Маргарита встала и, едва переводя дыхание, шепотом произнесла:

— Отец, назовите мне его имя. Назовите мне его имя.

— Зачем тебе знать его имя, Маргарита?

— Не все ли вам равно? Скажите, только скажите. — И она топнула ногой от ярости. — Назовите мне его имя, — повторила она с нетерпением.

— Его зовут Генри Дунбар, — отвечал Джемс Вентворт. — Он сын богатого банкира, который умер в прошлом марте. Его дядя умер лет десять тому назад, и потому он наследует все состояние и отца, и дяди. Свет обошелся с ним как со своим баловнем. Он ничем не заплатил за свое преступление, погубившее меня навсегда. Он, вероятно, теперь вернется из Индии, и свет будет у его ног. Он, наверное, стоит миллион фунтов, проклятый! Если б мои желания могли исполниться, то каждая гинея его громадного состояния превратилась бы в скорпиона, который впился бы в его тело и не дал бы ему и минуты покоя.

— Генри Дунбар, — шептала про себя Маргарита. — Генри Дунбар. Я не забуду этого имени.

III

Встреча на железной дороге

Стрелка на стенных часах показывала без пяти минут десять, когда Джемс Вентворт подошел к столу и взял свою шляпу.

— Вы уходите, батюшка? — спросила девушка.

— Да, Мэгги, я поеду в Лондон. Мне нехорошо долго оставаться без движения. Дурные мысли лезут в голову, тем более когда сидишь сложа руки. Чего ты испугалась, Мэгги? Я ничего не сделаю дурного, а только осмотрюсь: авось набежит каким-нибудь образом копейка.

— Лучше, чтобы вы не ездили, батюшка, — сказала нежно Маргарита.

— Конечно, дитя мое. Но я тебе говорю, что не могу сегодня сидеть спокойно. Я много говорил о прошедшем, а это всегда расстраивает меня. Я тебе обещаю, что из этой поездки ничего дурного не выйдет. Я схожу в какой-нибудь кабачок, выпью стаканчик грогу и почитаю газеты. Вот и все; кажется, тут ничего нет дурного, Мэгги?

Маргарита улыбнулась и поправила истрепанный бархатный воротник на его стареньком сюртуке.

— Нет, милый батюшка, — отвечала она, — я всегда рада, когда вы немного развлечетесь. Вы ведь скоро вернетесь?

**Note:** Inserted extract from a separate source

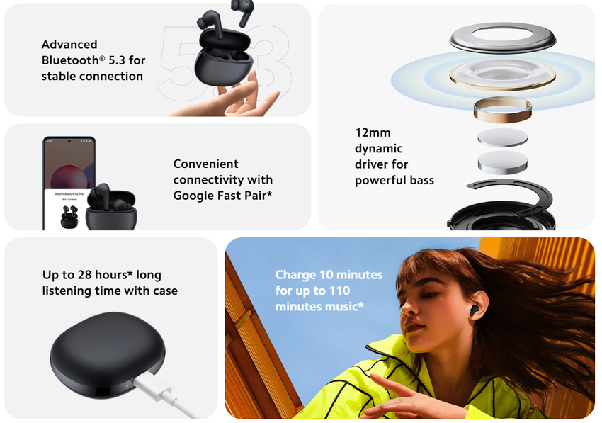 De Redmi Buds 4 Active kan tot 5 uur muziek luisteren. Een oplaadetui met een 440mAh batterij verlengt de gebruiksduur tot 28 uur. De hoofdtelefoon ondersteunt ook snel opladen - 10 minuten converteert naar 2 uur gebruik.

— Что ты называешь «скоро»?

— К десяти часам. Я закончу свою работу к тому времени и постараюсь приготовить что-нибудь вкусненькое к ужину.

— Хорошо. Даю слово воротиться к десяти часам.

Он протянул руку дочери, та поцеловала его в обе щеки, и он, взяв палку, вышел из комнаты. Маргарита долго следила из окошка, как он шел по узкому переулку, пробираясь между детьми, игравшими в пыли.

— Господи, сжалься над ним и избавь его от лукавого! — произнесла она вслух.

По дороге на станцию Джемс Вентворт пересчитал свои деньги — оказалось, всего несколько пенсов, которых хватало ровно на проезд в Лондон и обратно и на стакан грога.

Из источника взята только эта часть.